# Entries provided

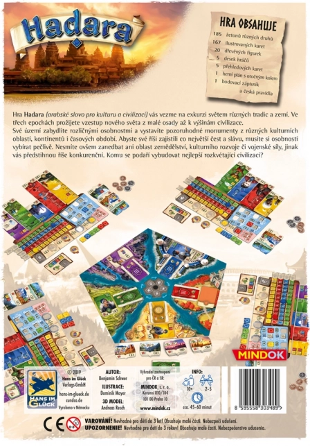 Pornește într-o călătorie prin culturi și clădește-ți propria civilizație în trei epoci. În strategia bine echilibrată Hadara alegi personalități, dezvolți economia, cultura și forța militară și, cu ajutorul roții de selecție a cărților, construiești un motor eficient care te conduce spre onoare, glorie și puncte de victorie.
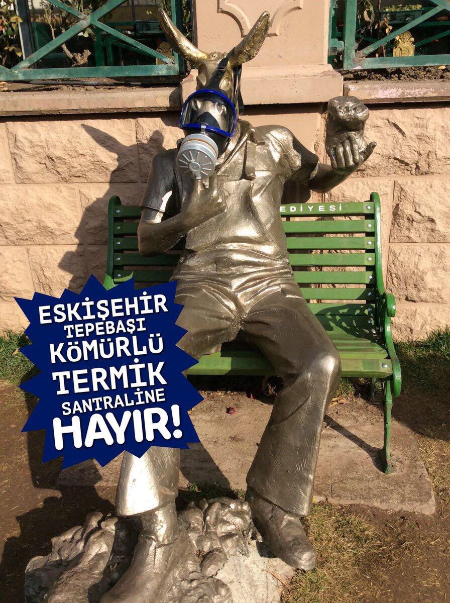Eskişehir’de üniversite öğrencileri Alpu'ya yapılması planlanan kömürlü termik santrali protesto için şehirdeki bazı heykellere gaz maskesi giydirdi. Öğrenciler Türkiye'de gündeme oturan çekirdek çitleyen eşek heykeline de gaz maskesi taktı.
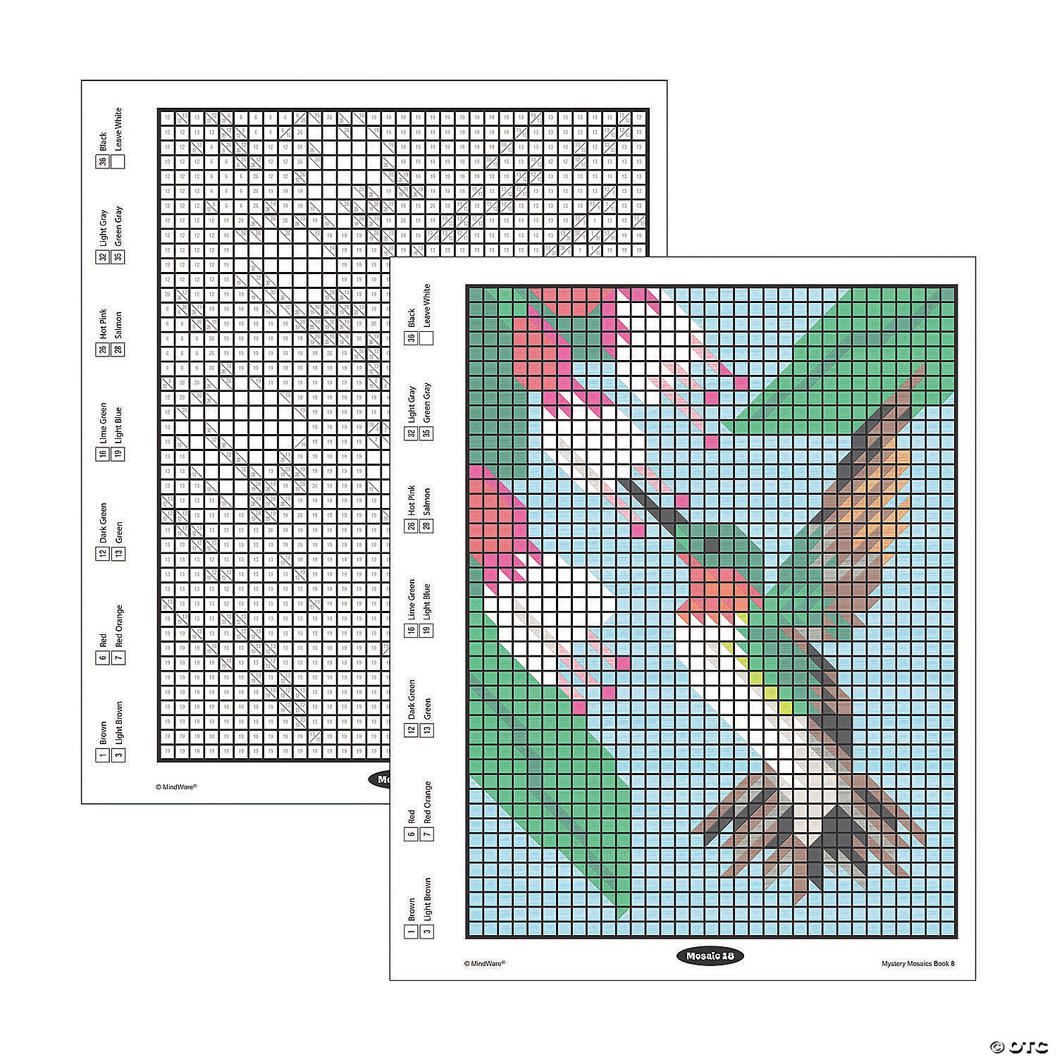 Designed to build the visual perception skills of the most creative puzzlers, Mystery Mosaics: Book 8 is filled with 18 amazing images disguised as numbered squares. At first glance, you will have absolutely no clue what each completed picture might turn out to be...follow the number guide, apply color, and watch an incredible mosaic design take shape! Featuring 18 perforated pages including 4 fold-out, 10" x 15" double-page spreads, this new book pairs perfectly with our brilliantly-hued, 36-count Colored Pencil Set (sold separately). The book and pencils are printed with coordinating numbers to make your coloring experience even more relaxing and enjoyable. Download Sample Page
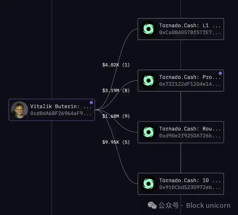 1. 价值 1, 290 美元的 Tornado. Cash 的 TORN 代币。这与 Vitalik 使用臭名昭著的混币器有关。他的 Arkham 个人资料显示了使用 Tornado Cash 进行多次资金转移的情况,据他说这些包括向乌克兰的捐款。
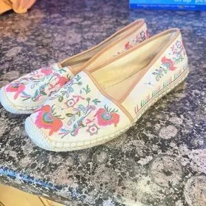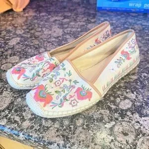 Feminine floral lightweight, super cute pair of slip on flats, great wood, skirts, jeans, or short shorts
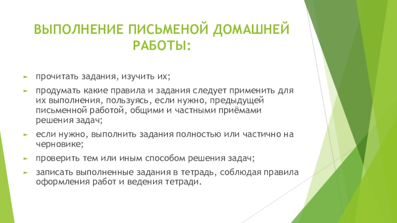 Слайд 13ВЫПОЛНЕНИЕ ПИСЬМЕНОЙ ДОМАШНЕЙ РАБОТЫ:
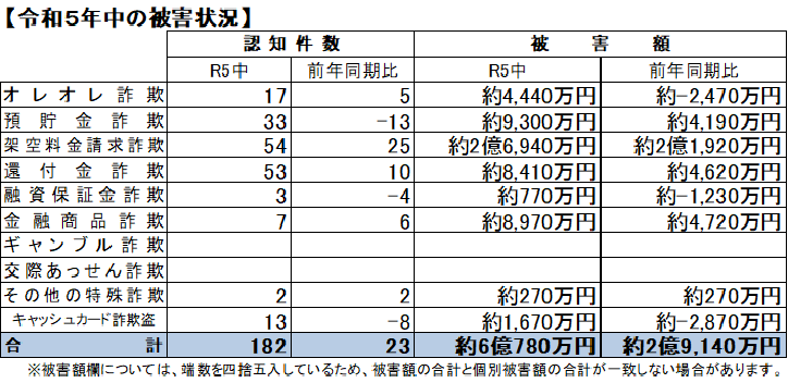 岡山県内の過去の特殊詐欺発生状況(令和5年中) [その他のファイル/54KB]
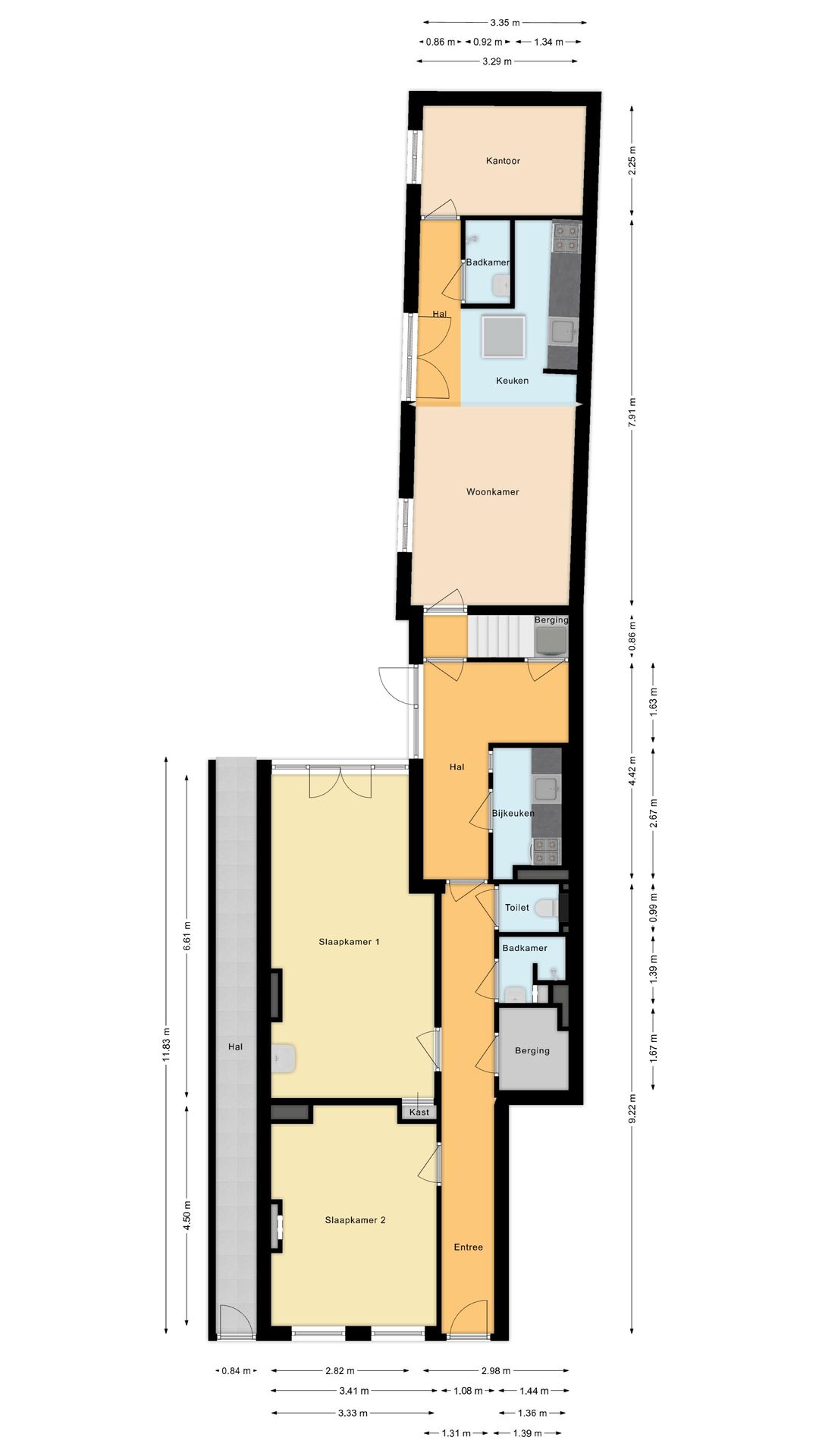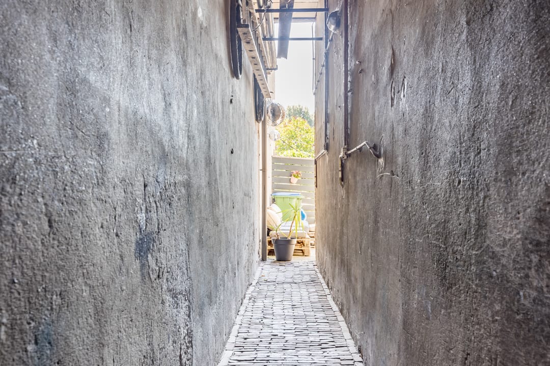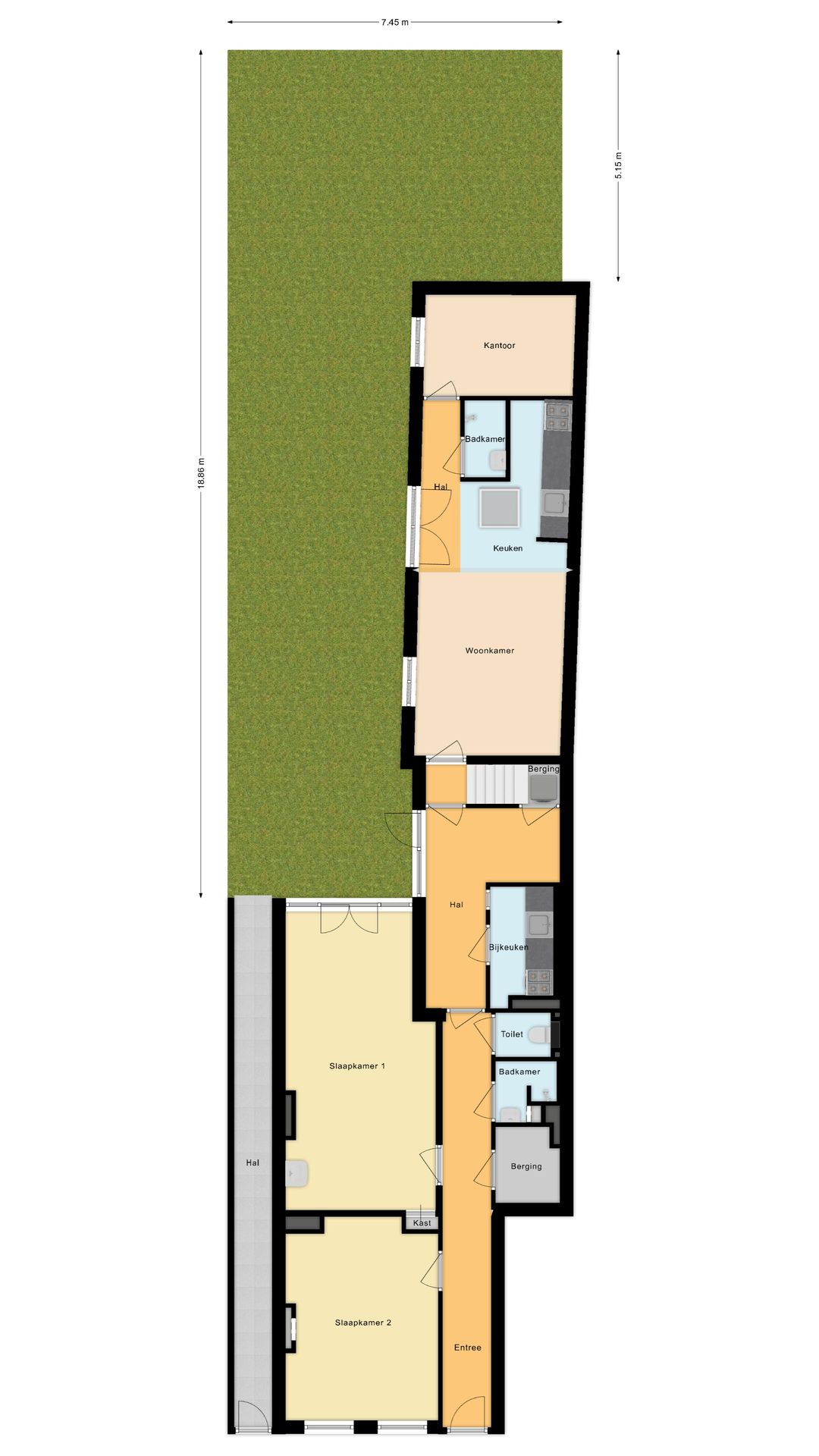 Entree met hal en toegang tot 2 ruime kamers, nette gezamenlijke keuken en toilet, meterkast, was- bergruimte en bijkeuken. Vanuit de bijkeuken is er toegang tot de royale achtertuin, een zeer riant verblijf met eigen keuken, toilet en douche en trapopgangen naar de kamer op de 1e verdieping en de kamer op de 2e verdieping. De royale achtertuin is tevens middels een eigen doorgang vanaf de straatzijde bereikbaar.
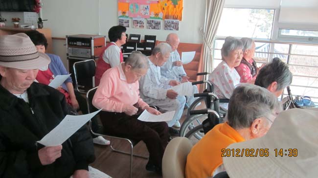 우리어르신 및 직원들께서 법회에 참여하시는 장면입니다.
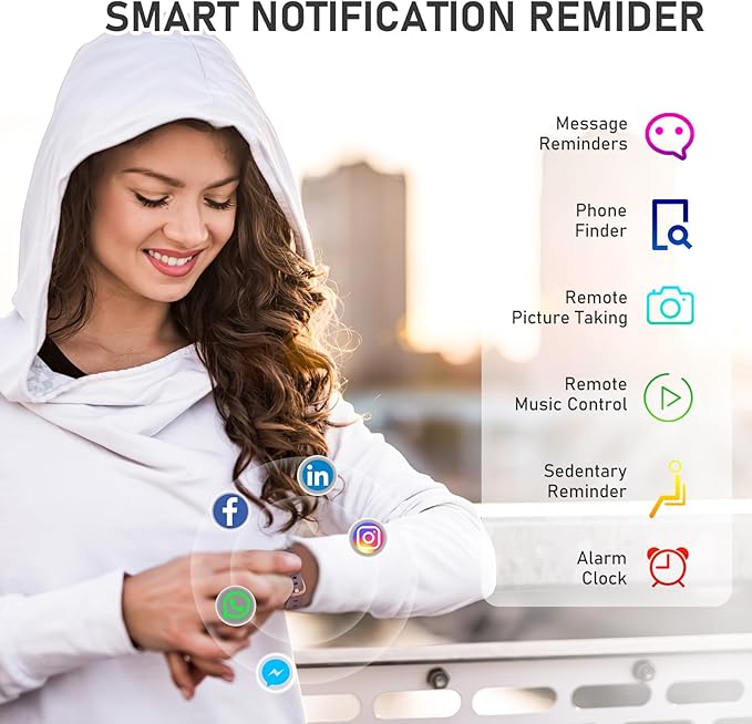 - 【Smart Notification Remider】 With Bluetooth connection to your phone, it can support incoming calls/text alerts/APP message notifications (WhatsApp/Facebook/Instagram etc.), you will never miss your important messages. With the fitness watch, you can also perform sedentary reminder, water reminder, alarm clock, stopwatch, remote control photo, find devices, etc. to make your life healthier and smarter.
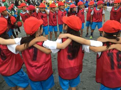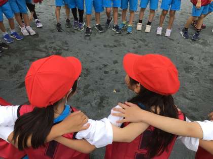 リレーの前にクラス一丸となって気持ちを高めていました。
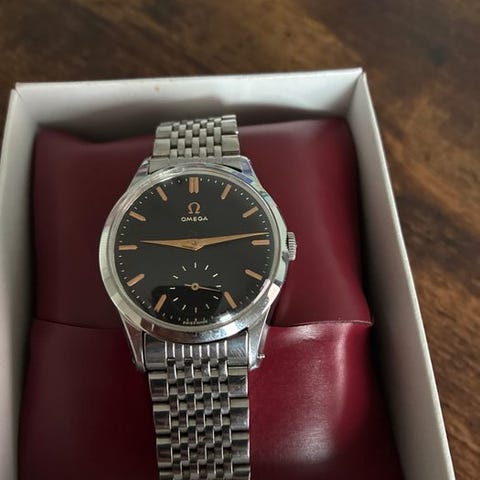Omega De Ville Chronograph, reference 145.005-67, fra 1967, håndoplagt Omega calibre 321-urværk. Klik på den blå "gå til varen" knap, for at købe eller byde på denne vare. Den samlede pris vil blive vist inden du afgiver dit bud.
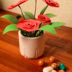 Nature craft made up of paper flower with ceramic pot, perfect home decor for your room and center table.
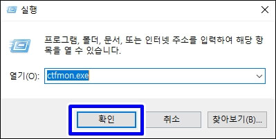 위 방법도 안된다면 다음으로는 실행창과 레지스트리의 설정을 만져볼 차례입니다. 먼저 실행창을 띄우시고 실행창 검색창에 ctrmon.exe를 입력하고 확인을 눌러봅니다. 이 방법은 윈도 충돌로 인하여 생긴 버그이기 때문에 해당 명령어를 입력하시면 재부팅하는 효과가 있습니다. 해당 방법은 작업표시줄 우측 하단 시스템 트레이 영역에 한영키 도구가 없을 때 사용하시면 됩니다.
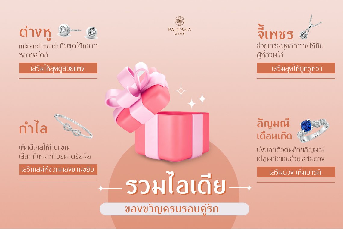 อ่านมาถึงตรงนี้แล้วหวังว่าหลายๆ คนน่าจะมีไอเดียของขวัญเพื่อมอบให้คนรักเนื่องในโอกาสวันครบรอบแล้วนะคะ ซึ่งหากใครอยากเลือกซื้อเครื่องประดับคุณภาพดี ราคาสมเหตุสมผล สามารถแวะมาหาเราที่ Pattana Gems ร้านเพชร ดิโอลด์สยามพลาซ่า ชั้น 1 ห้อง E112 ได้เลยนะคะ เพราะเรามีเครื่องประดับอัญมณีให้เลือกมากมาย หรือหากใครอยากใช้โอกาสนี้เซอร์ไพรส์ขอแต่งงาน ทางร้านของเราก็มี แหวนเพชรน้ำงาม พร้อมบริการออกแบบแหวนตามโจทย์ที่คุณต้องการด้วยค่ะ :)
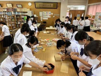 本日(7/11)から7/14(木)までの昼休みに、図書委員会が主催して「オリジナルブックカバーを作ろう!」という催しを行っています。
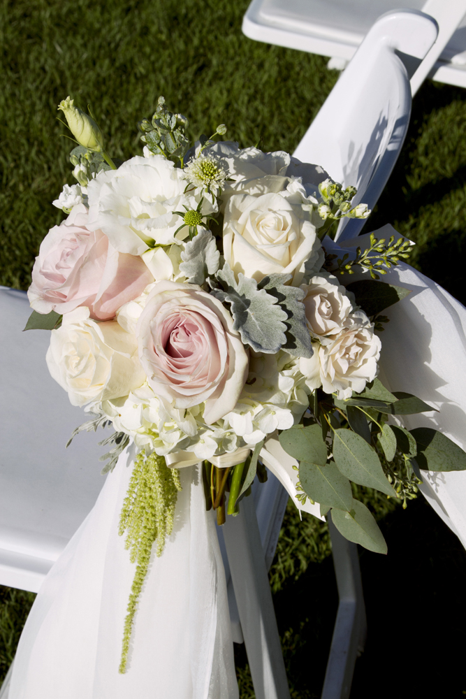Soft Pink and White Aisle Chair bouquet

# Action item
Leave every picture out and write out, word for word, the lines from the one that contains "ราคาสมเหตุสมผล สามารถแวะมาหาเราที่ Pattana" through the last line of the records.

# Task response
 อ่านมาถึงตรงนี้แล้วหวังว่าหลายๆ คนน่าจะมีไอเดียของขวัญเพื่อมอบให้คนรักเนื่องในโอกาสวันครบรอบแล้วนะคะ ซึ่งหากใครอยากเลือกซื้อเครื่องประดับคุณภาพดี ราคาสมเหตุสมผล สามารถแวะมาหาเราที่ Pattana Gems ร้านเพชร ดิโอลด์สยามพลาซ่า ชั้น 1 ห้อง E112 ได้เลยนะคะ เพราะเรามีเครื่องประดับอัญมณีให้เลือกมากมาย หรือหากใครอยากใช้โอกาสนี้เซอร์ไพรส์ขอแต่งงาน ทางร้านของเราก็มี แหวนเพชรน้ำงาม พร้อมบริการออกแบบแหวนตามโจทย์ที่คุณต้องการด้วยค่ะ :)
 本日(7/11)から7/14(木)までの昼休みに、図書委員会が主催して「オリジナルブックカバーを作ろう!」という催しを行っています。
Soft Pink and White Aisle Chair bouquet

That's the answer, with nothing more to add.